- Comune di Barrea
- Barrea Location within Italy Barrea Location within Abruzzo
- Coordinates: 41°45′25″N 13°59′36″E﻿ / ﻿41.75694°N 13.99333°E
- Country: Italy
- Region: Abruzzo
- Province: L'Aquila (AQ)

Government
- • Mayor: Aldo Di Benedetto (La Vallis Regia che vorrei)

Area
- • Total: 87.05 km^{2} (33.61 sq mi)
- Elevation: 1,060 m (3,480 ft)

Population (2024)
- • Total: 696
- • Density: 8.00/km^{2} (20.7/sq mi)
- Demonym: Barreani
- Time zone: UTC+1 (CET)
- • Summer (DST): UTC+2 (CEST)
- Postal code: 67030
- Dialing code: 0864
- Patron saint: St. Thomas
- Saint day: December 21
- Website: Official website

= Barrea =

Barrea (Abruzzese: Varréa) is a comune in the province of L'Aquila in the Abruzzo region of Italy.

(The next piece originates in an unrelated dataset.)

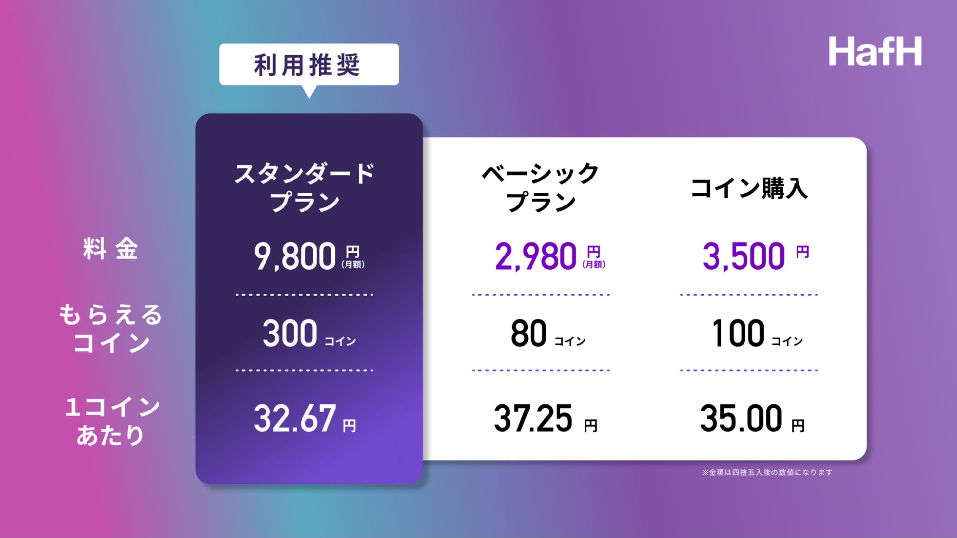 ユーザーの皆様にサブスクサービスを通じて、旅をより身近に感じていただきたいという思いから、HafHが最も推奨するスタンダードプランをお得にご利用いただくため、「コイン購入」の価格改定を実施いたします。価格改定は以下の通りです。

It is located on the shore of the Lago di Barrea, a lake created after World War II due to the building of a dam on the river Sangro.

==History==
The village of Barrea descends from the pre-Roman population of the Samnites, who linked their destinies to the village. Currently, along the shores of the lake or in the nearby archaeological site of Alfedena, traces abound from this period. There is a document from the year 996 in which the ancient name of Barrea, Vallis Regia, first appears. This document also mentions that Barrea was given to the Duke of Spoleto during the dark feudal times in Italy, a period noted for its anarchic regimes and barbaric raids.

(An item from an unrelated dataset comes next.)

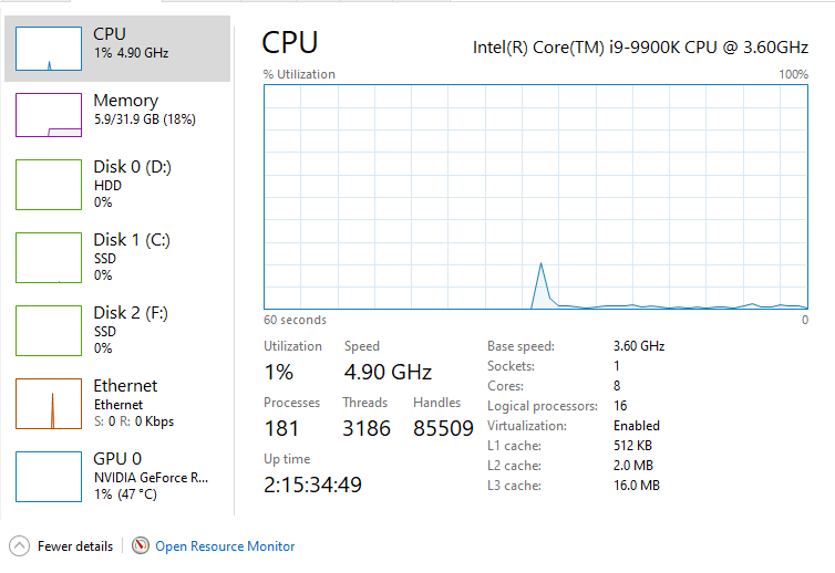 CPU: Intel Core i9‑9900K @ 3.60GHz

Perhaps mainly to protect themselves from the fierce raid of the Huns, the inhabitants of the valley floor sheltered near a Benedictine monastery in a strategic position on the precipice of the river Sangro. Even today the monastery still exists and has withstood the ravages of man and the assault of time and the elements. In the following centuries, the inhabitants of Barrea built a tangle of practically impregnable houses along the southwestern side of the valley. Everything is protected by nature on one side and by observation towers, one round and one square, and defensive walls on the other. Historic records of this town mirror other examples found in Italy: bloody wars, rivalries and even devastating earthquakes.

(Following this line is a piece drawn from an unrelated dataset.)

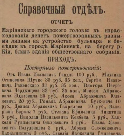 Отчёт Мариинского городского головы в расходовании денег, пожертвованных разными лицами на устройство бульвара и беседки в городе Мариинске, на берегу р.Кии, близ здания общественного собрания. ПРИХОД Поступило пожертвований:

One side of the original, central castle was protected from invaders by natural means, utilizing the impassably steep slope of the mountain; two stone castle gates afforded other protection to the castle and the homes that were built within its walls, dug into the slides of the mountain and giving out through front entrances facing on narrow, twisting, steep stone alleys.

Its location surrounded by the Apennines would have prevented Barrea's development into an industrial area had not other economic obstacles also existed; historically, residents existed by tending small farms in plots on the mountainside. A major emigration took place after the earthquake of 1984, when many residents declined to return to the homes that were ruined in the tremor. Many of the homes have been bought by tourists, who enjoy Barrea's location on the brow of a mountainside, giving out over the Sangro valley, but there are fewer than 1,000 permanent inhabitants.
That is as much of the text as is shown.